しかしながら、一般裁判の審理の方法については、当該事件の審理に当る裁判所あるいは裁判官の専権に属する事項であり、憲法及び法律に従いその独自の判断に基づいて決定される性格のものであり、またその合議体でする裁判の評議はこれを公行しないこととされているので(裁判所法第七五条)、審理の進行の適否については、原則として事後的にもせよ他からの批判を受けるものではないと言え、従つて当該審理の方法、内容の適否を審判するために審理を進めることは、裁判の独立性、合議の評議の秘密性の見地から相当ではないというべきである。もつとも、裁判の審理が右のような性質のものであるからといつて、あらゆる行為が違法の非難を免れるものではなく、審理の方法を外形的に見て(合議体の評議の内容を問題とするものでなく、審理の方法を外見的に捉えて)、憲法、訴訟法その他の法令に違反している場合はもちろん、公平・正義の理念に照し違反しているような場合には、審理の方法の適否について判断をなすべきものと解される(被告は、刑事の有罪判決の確定を前提としながら、国家賠償事件において、迅速な裁判を受ける権利を侵害されたこと、また公平な裁判所の裁判を受ける権利を侵害されたことを主張することは許されないと述べているが、刑事手続において迅速な裁判を受ける権利が侵害された場合に免訴の判決が言渡されることになつていること、また不公平な裁判がされないように忌避の制度が設けられていることと、当該刑事手続において裁判所の措つた審理中の行為が法令に適合しているかどうかとは全く別の問題であり、有罪判決が確定したからといつて裁判所の行為がすべて適法視されるものではないので、国家賠償事件においては有罪判決が確定していても当該刑事事件の審理の遅延等の違法を主張・審理することは許されるものと考える。)。

3  以上の観点から本件をみるに、本件刑事事件は、事案の内容としていわゆる官公労働者の労働争議権と刑事罰とに関する重大な問題を含む事案であるところ、右事件が最高裁判所に上告された当時の最高裁判所における同種の問題点を含む他の事件(以下「同種事件」という。
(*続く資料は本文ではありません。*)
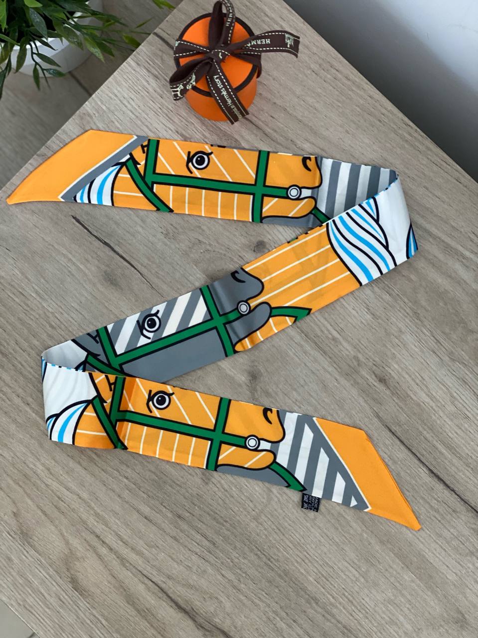 Эта яркая лента Twilly Louis Vuitton LUX-52945, выполненная в стиле анималистики, станет изысканным дополнением к вашему образу. Смелый принт с изображением лошадиной упряжи в оранжевых, серых и синих тонах придает изделию неповторимый шарм. Лента из высококачественного материала обладает элегантным блеском и приятна на ощупь, что делает ее идеальным аксессуаром для придания индивидуальности вашему стилю.

)の係属・審理状況が別紙(四)記載のとおりであることは当事者間に争いがなく、これによれば、第三小法廷において同種事件について大法廷に回付がなされないまま処理されたものもある(別紙(四)②③④⑦事件)が、一方そのころ、第一、第二小法廷からは他の同種事件(別紙(四)⑤⑧⑨⑩⑪事件)について大法廷に回付がなされ、大法廷において審理中のものも数件あり、従つて、その当時前掲の問題点について判例変更が検討され、その可能性が予想されえた時期であり、その後実際に判例が変更されているのである。

本件事件は、右のような状況の下で第三小法廷に最も遅い時期に係属した事件であり、しかもそのころは第三小法廷自体の構成員が頻繁に交替した時期である。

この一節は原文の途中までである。